I ran this in local mode and pseudo-distributed mode. I had to change the code a bit for the pseudo-distributed mode (I think mostly its the file names), but here is the script I used to run it.

 1
 2
 3
 4
 5
 6
 7
 8
 9
10
11
12
13
14
15
16
17
18
19
20
21
22
23
24
25
26
27
28
29
30
31
32
33
34
35
36
37
38
39
40
41
42
43
44
45
46
#!/bin/bash
# Source: ./src/main/scripts/hadoop/run_tdmg.sh
# Script to call Term Document Matrix Generator

## CONFIG ##
M2_REPO=/home/sujit/.m2/repository
HADOOP_HOME=/opt/hadoop-0.20.0
PROJECT_BASEDIR=/home/sujit/src/jtmt
MODE=p # mode can be (l)ocal or (p)seudo-distributed
if [ $MODE == "l" ]; then
  PROTOCOL_PREFIX=""
  STOPWORD_FILE=$PROJECT_BASEDIR/src/main/resources/stopwords.txt
  INPUT_DIR=$PROJECT_BASEDIR/src/test/resources/hac/inputs
  OUTPUT_DIR=$PROJECT_BASEDIR/src/test/resources/hac/outputs
  TEMP_DIRS=$PROJECT_BASEDIR/src/test/resources/hac/temp*
else
  PROTOCOL_PREFIX=hdfs://localhost:54310
  STOPWORD_FILE=/user/sujit/tdmg/resources/stopwords.txt
  INPUT_DIR=/user/sujit/tdmg/inputs
  OUTPUT_DIR=/user/sujit/tdmg/outputs
  TEMP_DIRS=/user/sujit/tdmg/temp*
fi
## CONFIG ##

# for local mode
if [ $MODE == "l" ]; then
  export HADOOP_CLASSPATH=$CLASSPATH:\
$M2_REPO/org/apache/lucene/lucene-core/2.4.0/lucene-core-2.4.0.jar:\
$M2_REPO/org/apache/lucene-analyzers/2.3.0/lucene-analyzers-2.3.0.jar:\
$M2_REPO/commons-lang/commons-lang/2.1/commons-lang-2.1.jar:\
$PROJECT_BASEDIR/target/jtmt-1.0-SNAPSHOT.jar
fi

cd $HADOOP_HOME
if [ $MODE == "l" ]; then
  rm -rf $OUTPUT_DIR
  rm -rf $TEMP_DIRS
  # no special packaging required for local mode
  bin/hadoop jar $PROJECT_BASEDIR/target/jtmt-1.0-SNAPSHOT.jar net.sf.jtmt.indexers.hadoop.TermDocumentMatrixGenerator "" $STOPWORD_FILE $INPUT_DIR $OUTPUT_DIR
else
  bin/hadoop fs -rmr $OUTPUT_DIR
  bin/hadoop fs -rmr $TEMP_DIRS
  bin/hadoop jar $PROJECT_BASEDIR/target/tdm-generator.jar $PROTOCOL_PREFIX $STOPWORD_FILE $INPUT_DIR $OUTPUT_DIR
fi
cd -
unset HADOOP_CLASSPATH

Similarities and Differences

The main difference of course is that you extend mapreduce.Mapper and mapreduce.Reducer instead of extending MapReduceBase and implementing either mapred.Mapper or mapred.Reducer. The Context provides a more unified way to pass stuff around, although I had some trouble (which I later fixed) passing parameters to the Mapper and Reducer classes. Another difference seems to be that the ToolRunner is no longer needed.

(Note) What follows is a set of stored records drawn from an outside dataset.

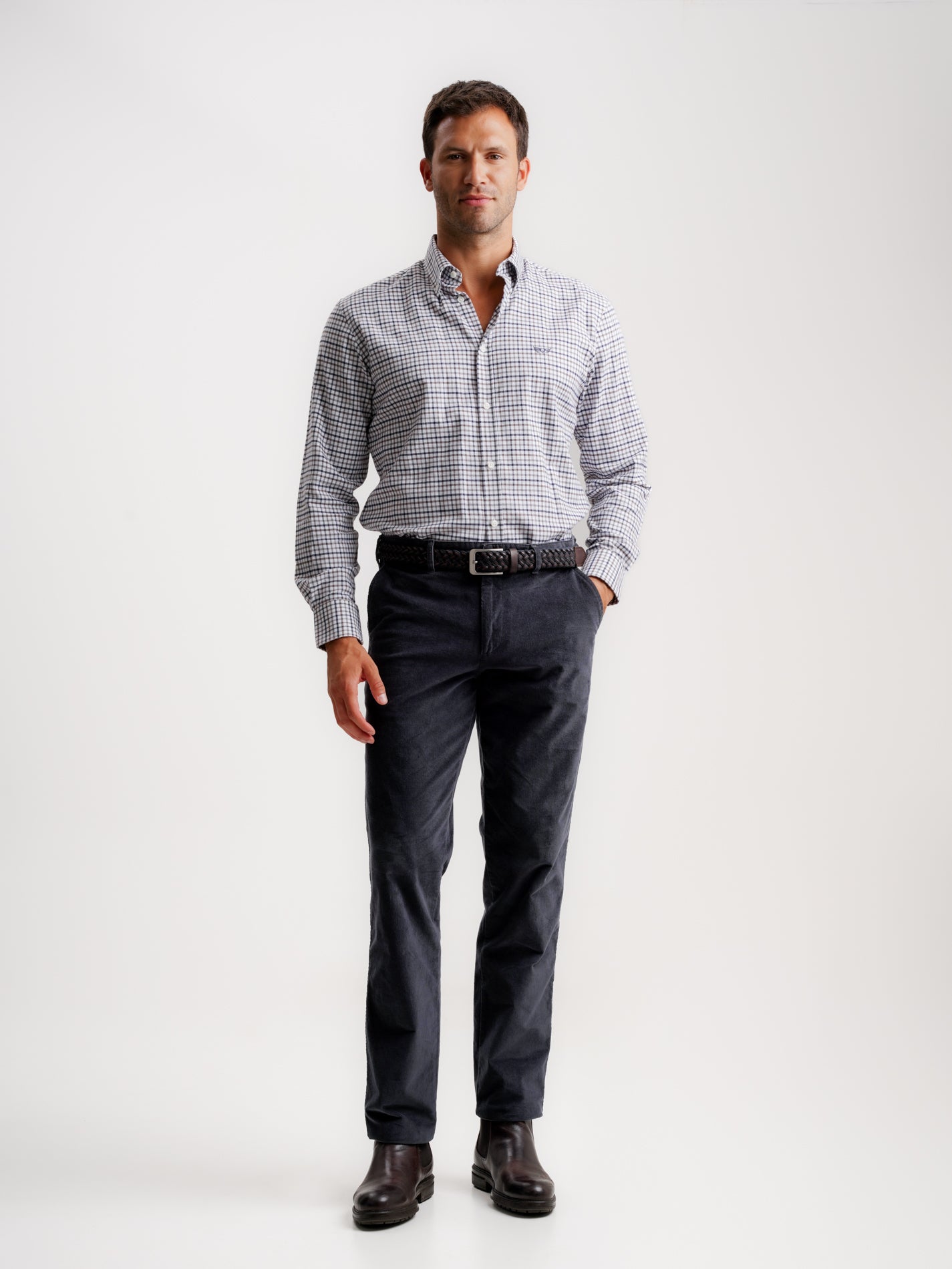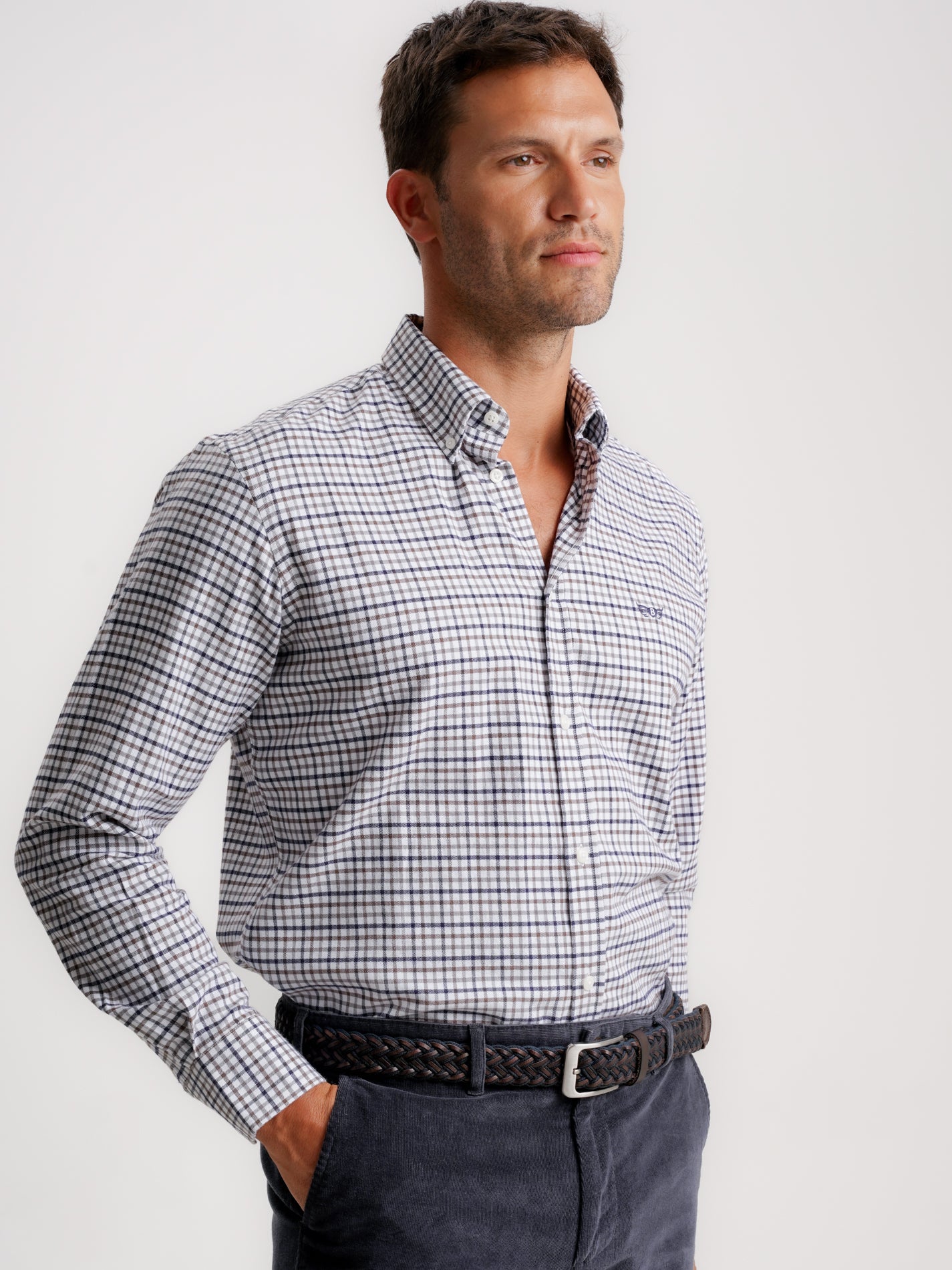 Camisa Regular Fit Vaiela Azul Manga Comprida Com Logo Com Quadrados
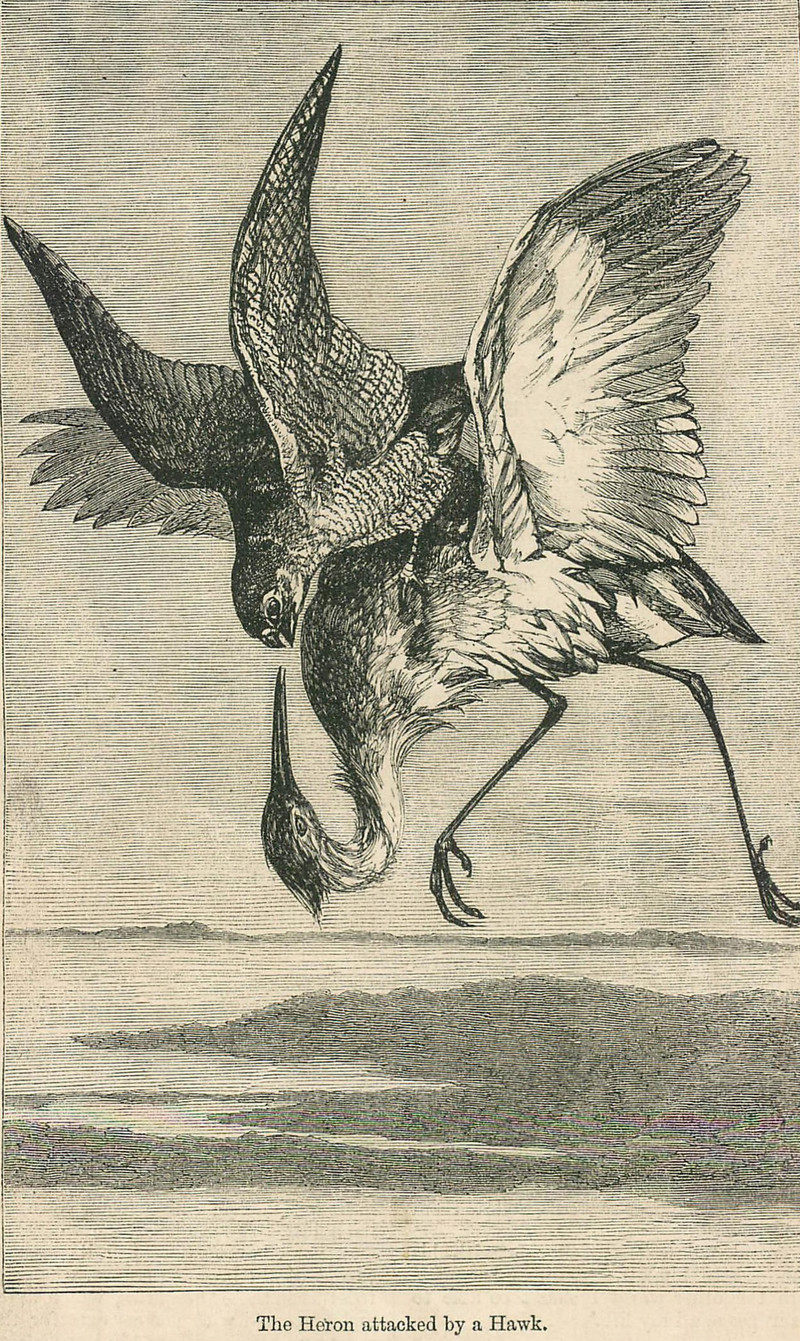 Hawk versus heron: which would you wager for the win?  From Chatterbox, 1879.
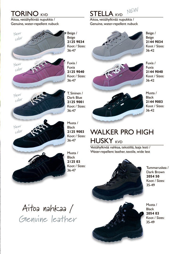 - Kuoma Stella арт.2144 цена 53 евро, размеры 36-42. Натуральный нубук, анатомически просторная колодка и амортизирующая подошва. Две стельки (Система KVD -дает возможность изменять внутренний объем обуви);
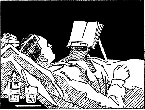 Mange sengeliggende patienter har savnet et praktisk bokstativ. Et sådant stativ konstrueret av sogneprest Bull er nu bragt i handelen og vil sikkert avhjelpe «et lenge følt savn». Stativet er meget hensiktsmessig, praktisk og lettvindt. Det står støtt på et hvilket som helst underlag av sengetepper eller puter og virker ikke trykkende. Boken holdes fast på stativet og er lett å blade i. Armene får hvile. Stativet er prøvet ved forskjellige sykehus med meget godt resultat, hvorfor vi har villet henlede kollegenes opmerksomhet på det.
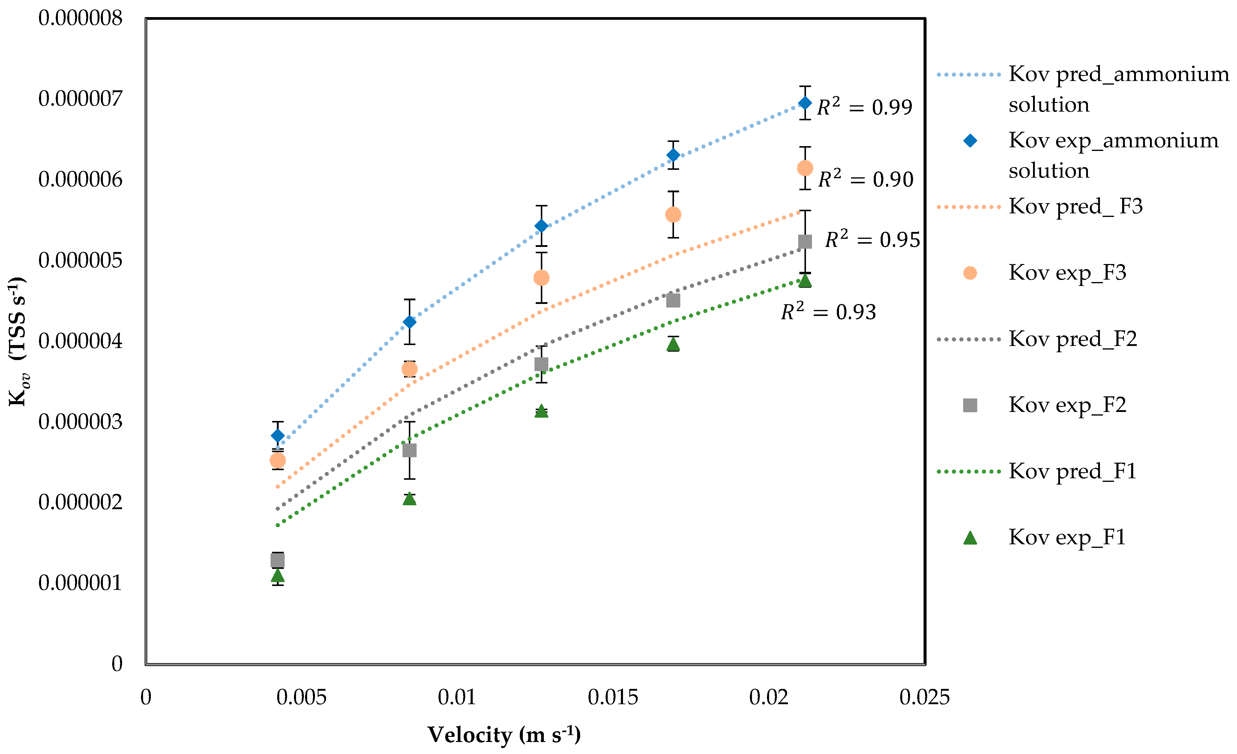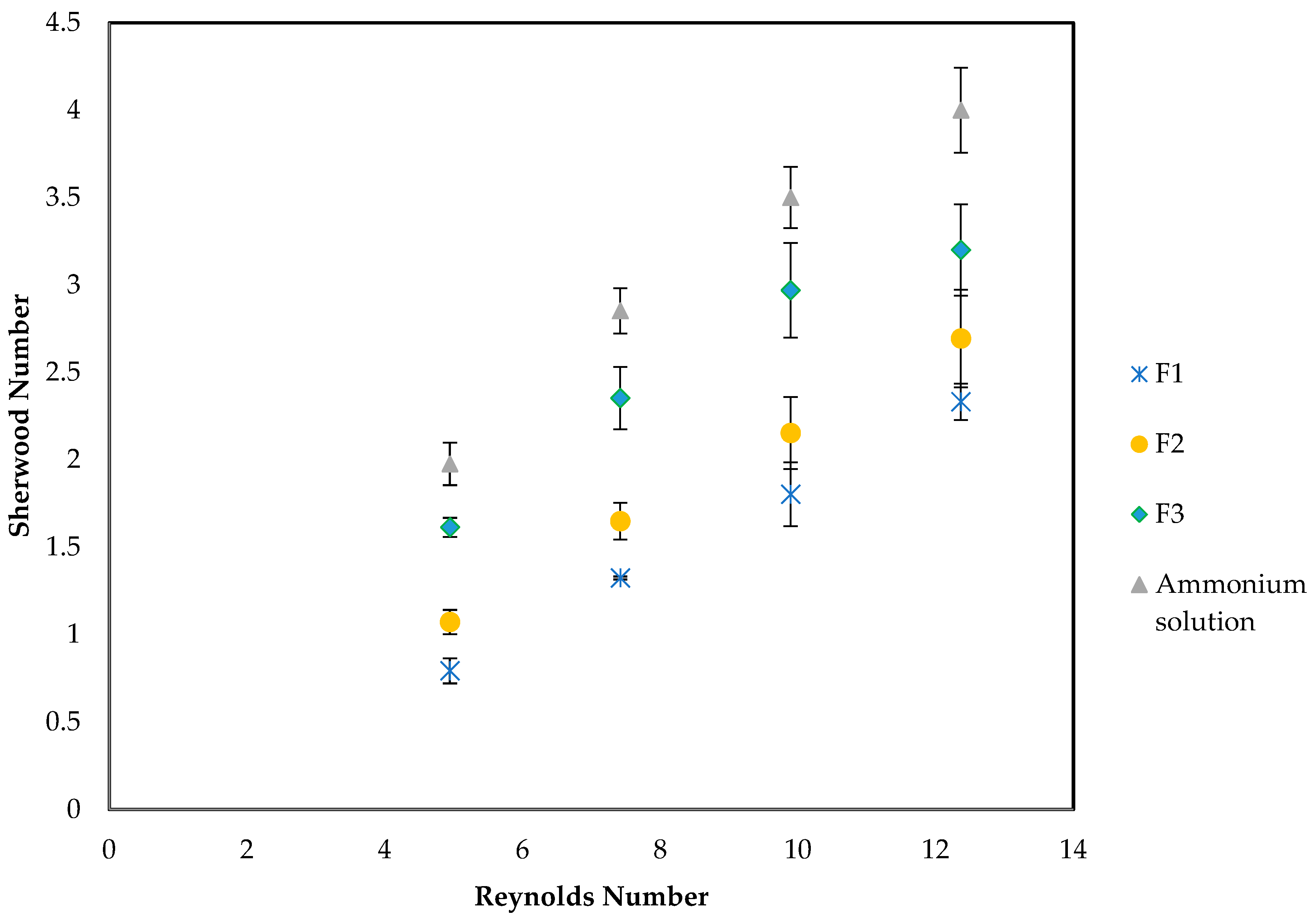 TSS concentrations. It can be observed that increasing TSS concentrations lead to a reduction in the Sh number for a given Re number. Fitted linear correlations between Sh and Re show that F1, F2, and F3 are almost parallel with the slope of approx. 0.21, while the ammonium solution has a slope of 0.27. This shows that the predictions correlate very well with experimental results. When the parameters Sh vs. Re are plotted, the data points corresponding to the lowest Re of 2.47 were omitted from the

I did miss the "convenience" Mappers and Reducers (such as LongSumReducer), but I am guessing that they will make their way back in once the old API goes away.

Among the similarities, you still have to package your application code and third party dependencies in the same way as before, something I was hoping would go away once I learned about HADOOP_CLASSPATH, but I guess it makes sense to keep it the way it is.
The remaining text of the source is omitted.